Trata-se de ação direta de inconstitucionalidade, tendo como alvo a Lei nº 1.638, de 28 de abril de 2014, do Município de Serrana, de iniciativa parlamentar, que “Autoriza a concessão de folga para o servidor municipal na data de seu aniversário e dá outras providências”.

Sustenta o requerente que a lei é inconstitucional por apresentar vício de iniciativa, violar o princípio da separação dos poderes, com a sua consequente inconstitucionalidade formal (fls. 01/06). Daí a afirmação de ofensa ao disposto nos arts. 5º; 24, § 2º, nº 4, e 47, incisos II e XIV, da Constituição Estadual.

O pedido de liminar foi deferido (fls. 17/18).

Devidamente notificado (fl. 22), o Presidente da Câmara Municipal prestou informações a fls. 24/25.

Citado (fl. 30), o Procurador Geral do Estado declinou da defesa do ato normativo impugnado (fls. 32/34).

Nestas condições vieram os autos para manifestação desta Procuradoria-Geral de Justiça.

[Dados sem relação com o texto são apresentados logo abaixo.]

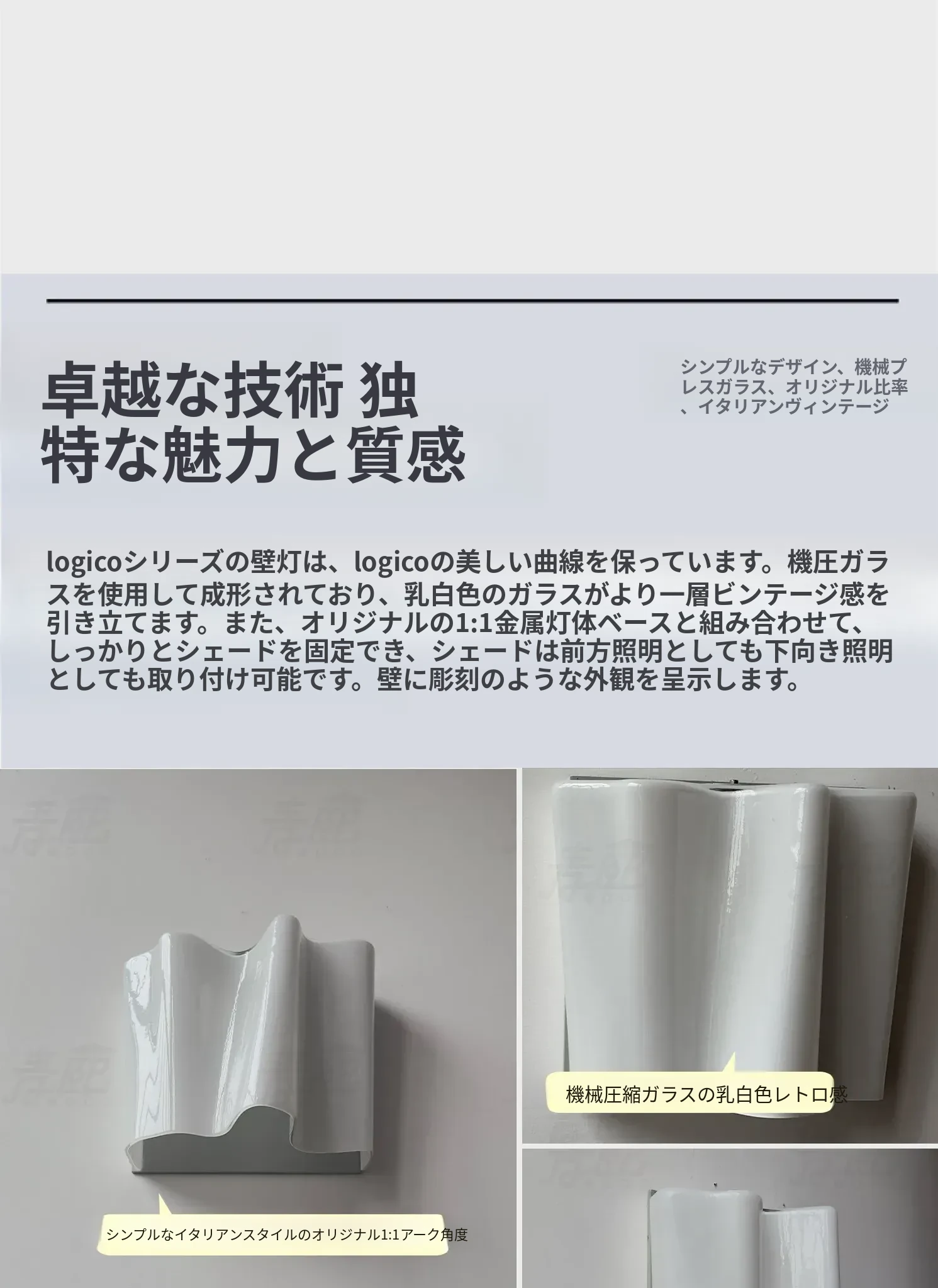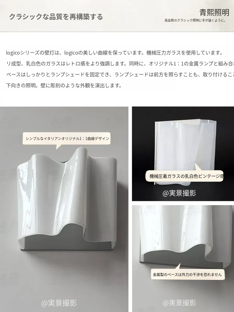 イタリア製Logico中古雲ガラス壁灯 - ヴィンテージデザインで寝室やリビングのアクセントに最適!背景壁を華やかに彩ります。おしゃれな空間作りにぴったりなアイテムです!

A Lei nº 1.638, de 28 de abril de 2014, do Município de Serrana, de iniciativa parlamentar, promulgada pelo Presidente da Câmara Municipal, após veto do Poder Executivo, tem a seguinte redação:

“(...)

Art. 1º - Fica autorizada a concessão de folga aos servidores públicos da administração direta ou indireta do Município de Serrana, inclusive aos funcionários de empresas terceirizadas que prestam serviços à administração, na data de seu aniversário, sem prejuízo de seus vencimentos.

Parágrafo único – O servidor somente poderá usufruir da folga prevista neste artigo no dia exato de seu aniversário, sendo vedada a transferência para qualquer outra data.

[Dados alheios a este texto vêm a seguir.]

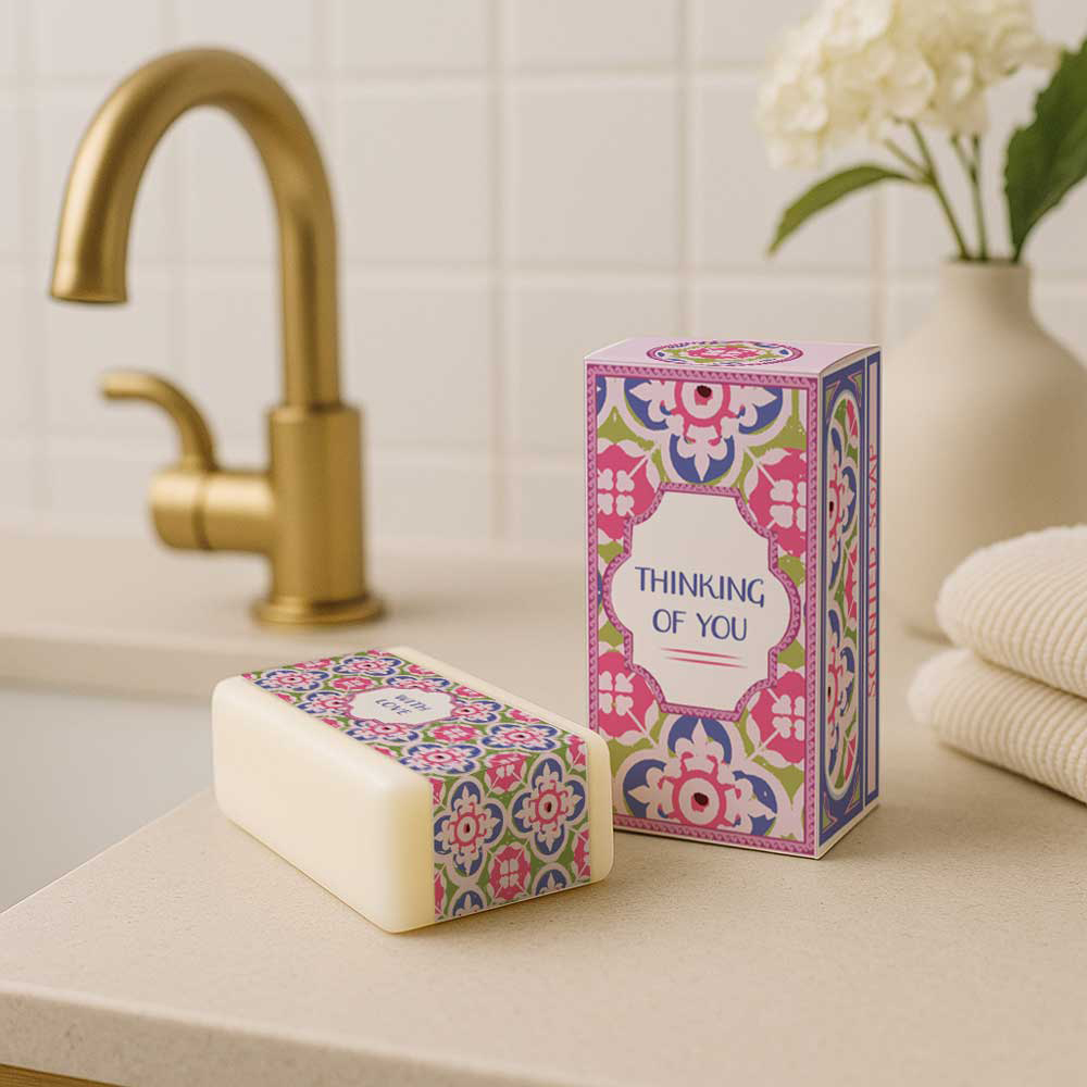 Let someone special know they’re in your thoughts with this elegant Thinking of You Aloe Vera & Cucumber Soap Bar. Decorated with a timeless floral pattern in shades of pink, blue and green, this luxury soap makes a beautiful and comforting gift. The gentle formula is enriched with soothing aloe vera and cucumber to pamper and care for the skin, leaving it cleansed and softly fragranced. Whether sent as a small token of affection or as part of a wellness hamper, this thoughtful soap bar is sure to brighten their day.

Art. 2º - Eventuais despesas com a execução desta lei correrão à conta de dotações orçamentárias próprias, suplementadas se necessário.

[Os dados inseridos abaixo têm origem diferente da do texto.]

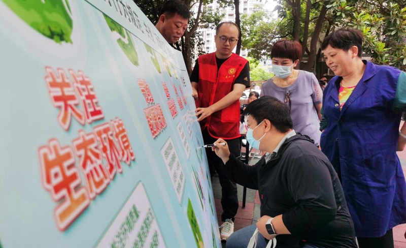 共创“无废社区”群众签名。图片来源:武汉市硚口区委文明办

Art. 3º - Esta lei entra em vigor na data de sua publicação, revogando-se as disposições em contrário.

(...)”

O ato normativo impugnado apresenta vício de inconstitucionalidade formal por violar a reserva de iniciativa do Poder Executivo e o princípio da separação de poderes, previstos nos arts. 5º, 24, § 2º, nºs 1 e 4, e art. 47, incisos II e XIV, aplicáveis aos municípios por força do art. 144 da Carta Paulista, os quais dispõem o seguinte:

“(...)

Art. 5º - São Poderes do Estado, independentes e harmônicos entre si, o Legislativo, o Executivo e o Judiciário.

(...)

Artigo 24 - A iniciativa das leis complementares e ordinárias cabe a qualquer membro ou comissão da Assembleia Legislativa, ao Governador do Estado, ao Tribunal de Justiça, ao Procurador-Geral de Justiça e aos cidadãos, na forma e nos casos previstos nesta Constituição.

(...)

§2º - Compete, exclusivamente, ao Governador do Estado a iniciativa das leis que disponham sobre:

1 - criação e extinção de cargos, funções ou empregos públicos na administração direta e autárquica, bem como a fixação da respectiva remuneração;

(...)

4 - servidores públicos do Estado, seu regime jurídico, provimento de cargos, estabilidade e aposentadoria;

(...)

Artigo 47 - Compete privativamente ao Governador, além de outras atribuições previstas nesta Constituição:

(...)

II - exercer, com o auxílio dos Secretários de Estado, a direção superior da administração estadual;

(...)

XIV - praticar os demais atos de administração, nos limites da competência do Executivo;

(...)

Art. 144 – Os Municípios com autonomia, política, legislativa, administrativa e financeira se auto-organizarão por lei orgânica, atendidos os princípios estabelecidos na Constituição Federal e nesta Constituição.

(...)”

Verifica-se que a lei municipal impugnada, ao instituir normas quanto à concessão de folgas de servidor público municipal e prestadores de serviços, tratou de matéria relativa ao regime jurídico de servidor público.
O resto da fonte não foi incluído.